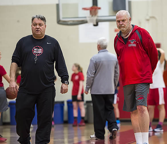 Fairfield Warde high school girls basketball head coach Dave Danko, and assistant coach Ed Huydic during practice at Warde high school Fairfield, CT on Monday, January, 5th, 2015.
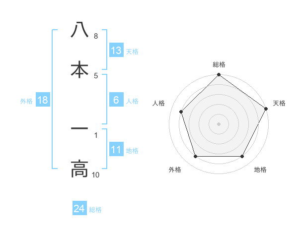 八本 一高さんの天格は13画の5点
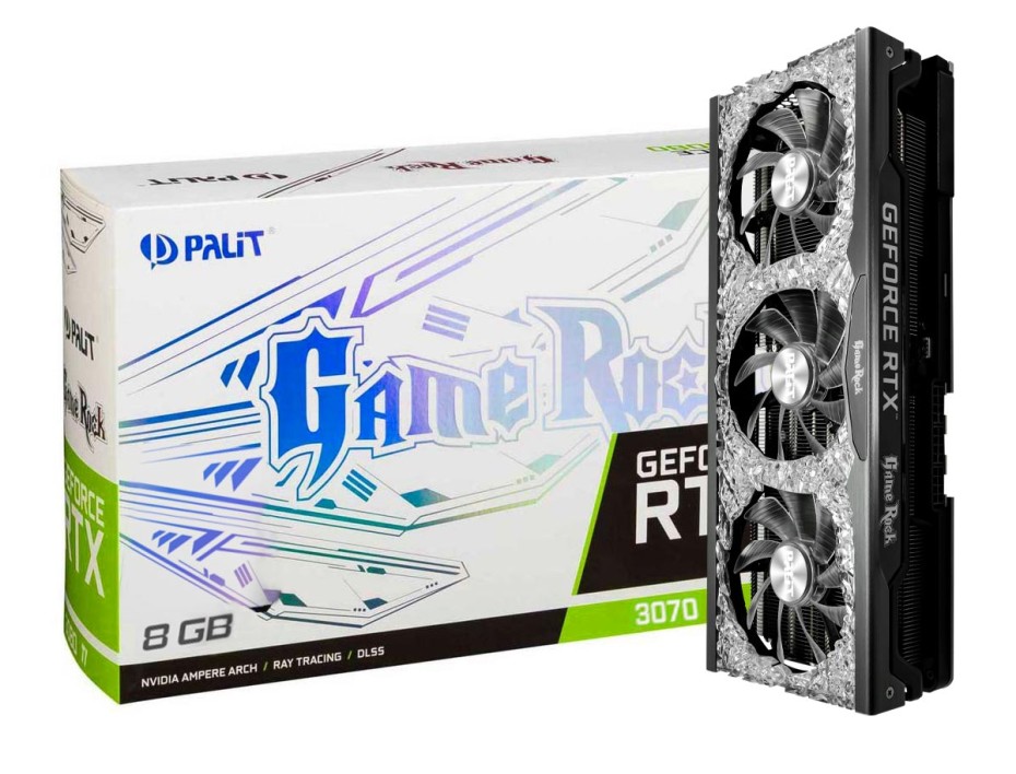 TARJETA DE VIDEO PALIT GAMEROCK RTX 3070 TI 8GB GDDR6X GEFORCE NVIDIA 256 BITS, GRAFICO PARA VIDEOJUEGOS, 3 VENTILADORES (NED307T019P2-1047G)
===============
### Instructions to follow:
Leaving aside the pictures, copy the listing above exactly.

### Answer to this exercise:
 Fairfield Warde high school girls basketball head coach Dave Danko, and assistant coach Ed Huydic during practice at Warde high school Fairfield, CT on Monday, January, 5th, 2015.
 八本 一高さんの天格は13画の5点
 TARJETA DE VIDEO PALIT GAMEROCK RTX 3070 TI 8GB GDDR6X GEFORCE NVIDIA 256 BITS, GRAFICO PARA VIDEOJUEGOS, 3 VENTILADORES (NED307T019P2-1047G)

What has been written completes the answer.